*Input:*
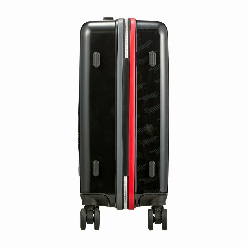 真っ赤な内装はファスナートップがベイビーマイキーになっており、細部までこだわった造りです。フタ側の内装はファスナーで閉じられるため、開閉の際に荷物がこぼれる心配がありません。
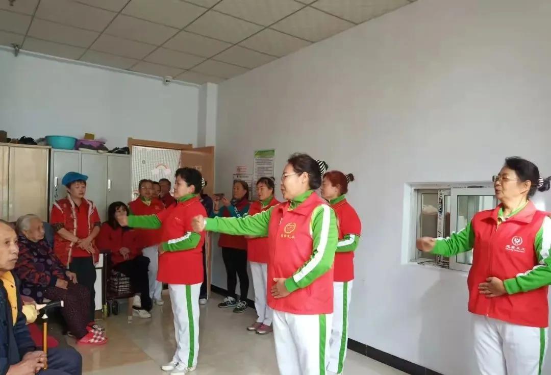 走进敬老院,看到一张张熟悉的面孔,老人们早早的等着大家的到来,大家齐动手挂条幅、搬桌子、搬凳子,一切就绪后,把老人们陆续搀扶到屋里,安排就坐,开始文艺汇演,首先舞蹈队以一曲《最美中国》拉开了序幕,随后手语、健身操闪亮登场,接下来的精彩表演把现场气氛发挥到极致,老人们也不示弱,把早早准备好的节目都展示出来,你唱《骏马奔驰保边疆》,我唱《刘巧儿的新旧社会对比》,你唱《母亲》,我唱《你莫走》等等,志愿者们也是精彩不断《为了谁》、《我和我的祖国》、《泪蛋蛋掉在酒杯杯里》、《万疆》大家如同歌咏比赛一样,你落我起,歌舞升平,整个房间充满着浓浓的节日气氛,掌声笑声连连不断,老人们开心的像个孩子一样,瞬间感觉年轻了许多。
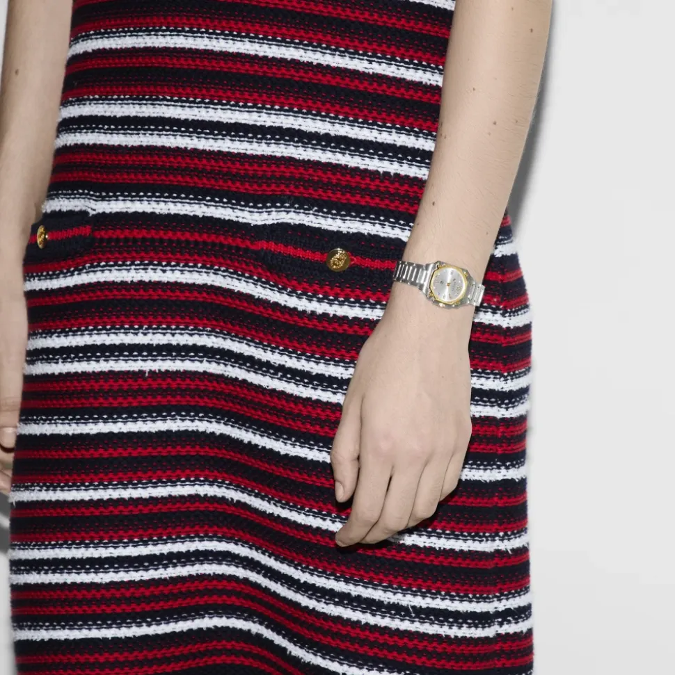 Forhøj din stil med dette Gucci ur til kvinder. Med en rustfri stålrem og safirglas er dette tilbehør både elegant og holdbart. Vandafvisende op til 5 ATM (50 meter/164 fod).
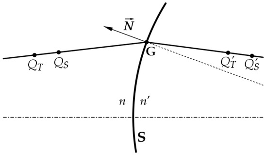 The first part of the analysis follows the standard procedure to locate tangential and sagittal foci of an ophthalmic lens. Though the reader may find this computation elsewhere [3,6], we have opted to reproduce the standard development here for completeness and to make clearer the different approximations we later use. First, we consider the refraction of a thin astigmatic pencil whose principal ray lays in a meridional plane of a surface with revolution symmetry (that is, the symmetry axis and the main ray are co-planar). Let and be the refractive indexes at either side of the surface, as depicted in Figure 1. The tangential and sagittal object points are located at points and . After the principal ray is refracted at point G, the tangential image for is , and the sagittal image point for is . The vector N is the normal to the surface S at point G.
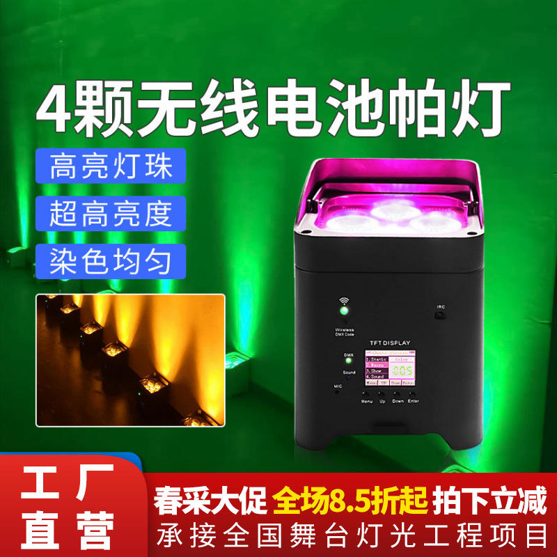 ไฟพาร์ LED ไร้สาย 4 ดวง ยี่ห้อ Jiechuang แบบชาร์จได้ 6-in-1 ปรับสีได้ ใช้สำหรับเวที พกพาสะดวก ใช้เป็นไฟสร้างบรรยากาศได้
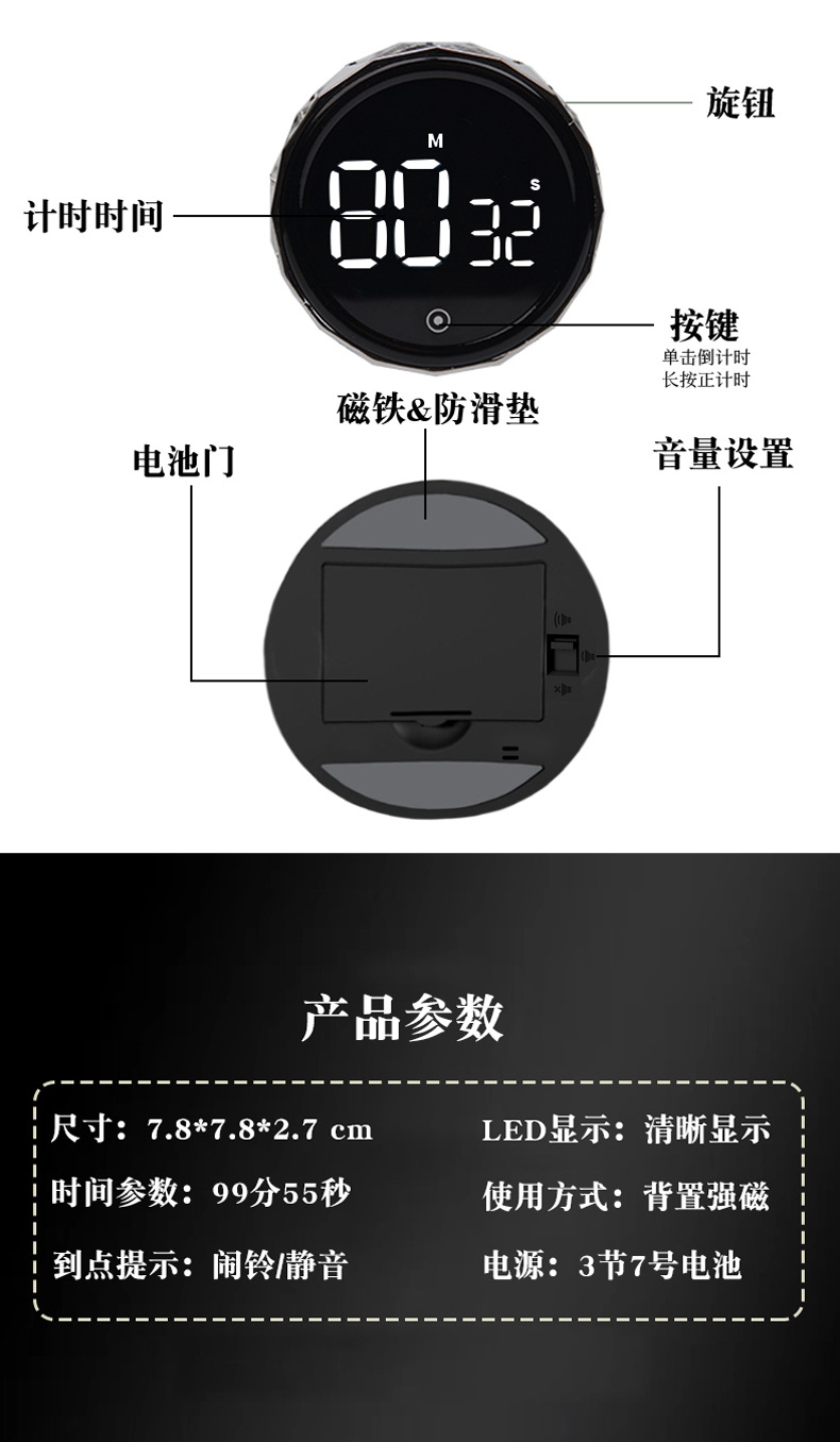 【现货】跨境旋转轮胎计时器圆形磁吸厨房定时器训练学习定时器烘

==

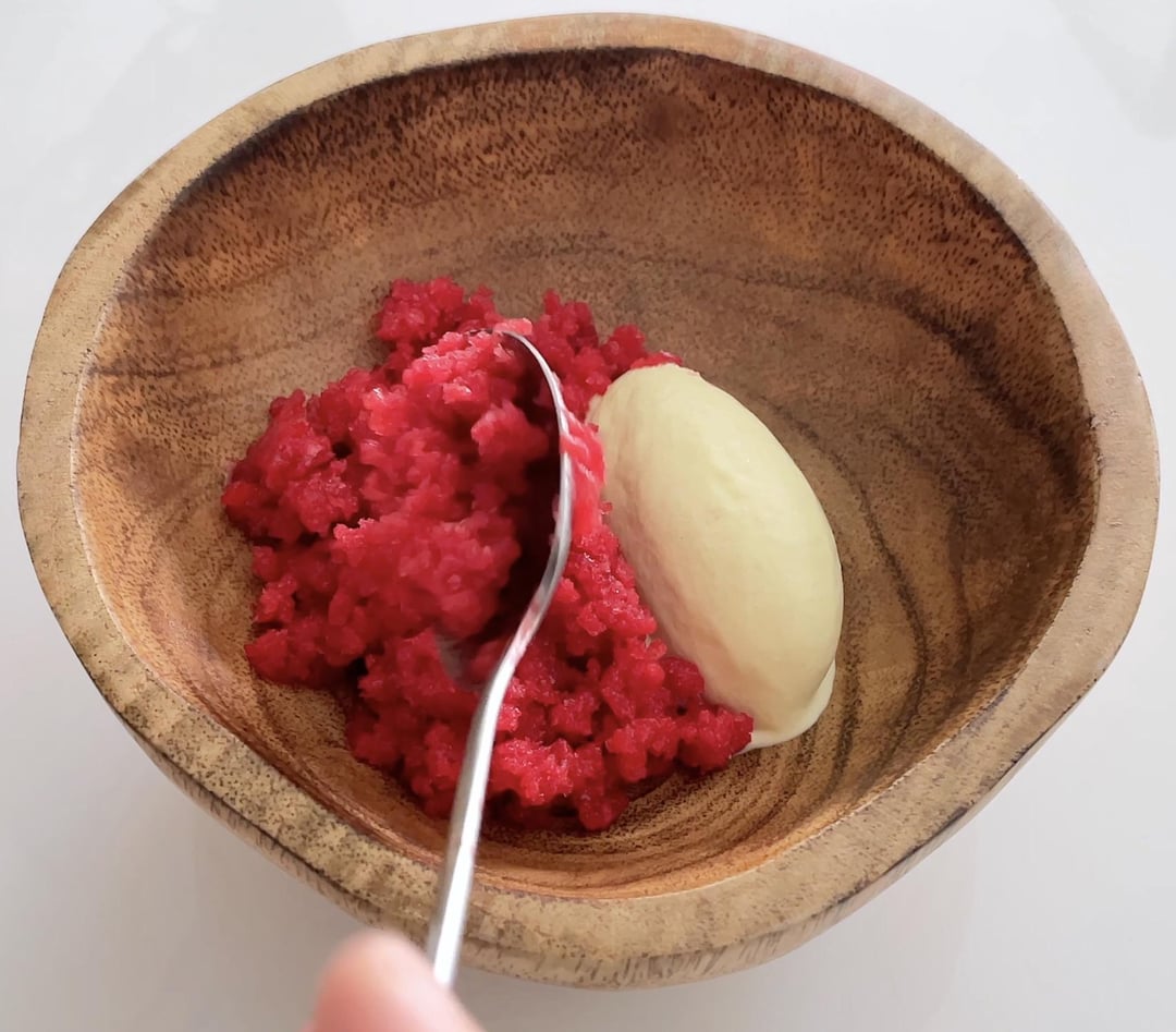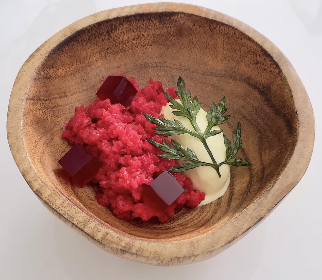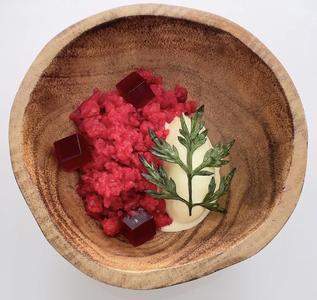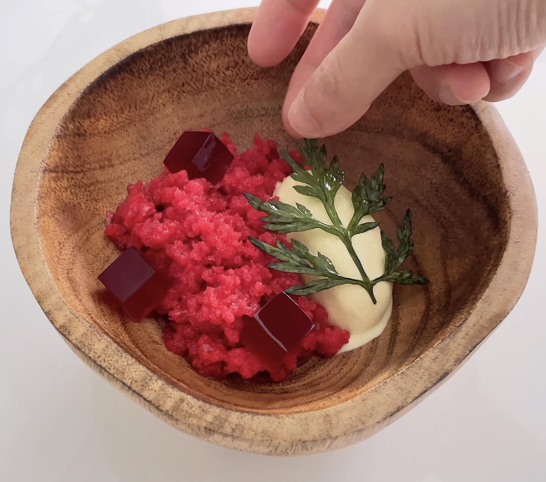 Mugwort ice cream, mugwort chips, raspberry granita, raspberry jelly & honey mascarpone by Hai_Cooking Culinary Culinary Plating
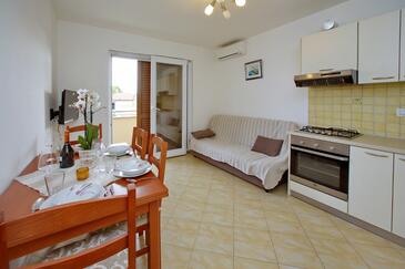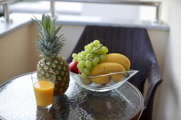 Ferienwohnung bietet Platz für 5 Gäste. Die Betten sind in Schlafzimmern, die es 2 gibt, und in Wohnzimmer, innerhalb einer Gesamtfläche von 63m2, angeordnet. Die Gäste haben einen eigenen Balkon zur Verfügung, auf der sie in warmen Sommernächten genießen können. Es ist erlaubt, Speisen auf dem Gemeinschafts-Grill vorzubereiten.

* * *

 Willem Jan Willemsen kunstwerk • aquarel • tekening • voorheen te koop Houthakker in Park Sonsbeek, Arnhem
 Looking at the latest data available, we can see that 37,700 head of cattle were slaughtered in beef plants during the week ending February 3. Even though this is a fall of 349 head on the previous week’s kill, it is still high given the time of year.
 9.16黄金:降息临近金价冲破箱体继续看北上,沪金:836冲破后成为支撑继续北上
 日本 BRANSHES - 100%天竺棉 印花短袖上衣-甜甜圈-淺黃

*Work request:* Print exactly, with no pictures, the lines above from the one that holds "真っ赤な内装はファスナートッ" through the one that holds "Forhøj din stil", both of them included.

*Reply to the task:*
 真っ赤な内装はファスナートップがベイビーマイキーになっており、細部までこだわった造りです。フタ側の内装はファスナーで閉じられるため、開閉の際に荷物がこぼれる心配がありません。
 走进敬老院,看到一张张熟悉的面孔,老人们早早的等着大家的到来,大家齐动手挂条幅、搬桌子、搬凳子,一切就绪后,把老人们陆续搀扶到屋里,安排就坐,开始文艺汇演,首先舞蹈队以一曲《最美中国》拉开了序幕,随后手语、健身操闪亮登场,接下来的精彩表演把现场气氛发挥到极致,老人们也不示弱,把早早准备好的节目都展示出来,你唱《骏马奔驰保边疆》,我唱《刘巧儿的新旧社会对比》,你唱《母亲》,我唱《你莫走》等等,志愿者们也是精彩不断《为了谁》、《我和我的祖国》、《泪蛋蛋掉在酒杯杯里》、《万疆》大家如同歌咏比赛一样,你落我起,歌舞升平,整个房间充满着浓浓的节日气氛,掌声笑声连连不断,老人们开心的像个孩子一样,瞬间感觉年轻了许多。
 Forhøj din stil med dette Gucci ur til kvinder. Med en rustfri stålrem og safirglas er dette tilbehør både elegant og holdbart. Vandafvisende op til 5 ATM (50 meter/164 fod).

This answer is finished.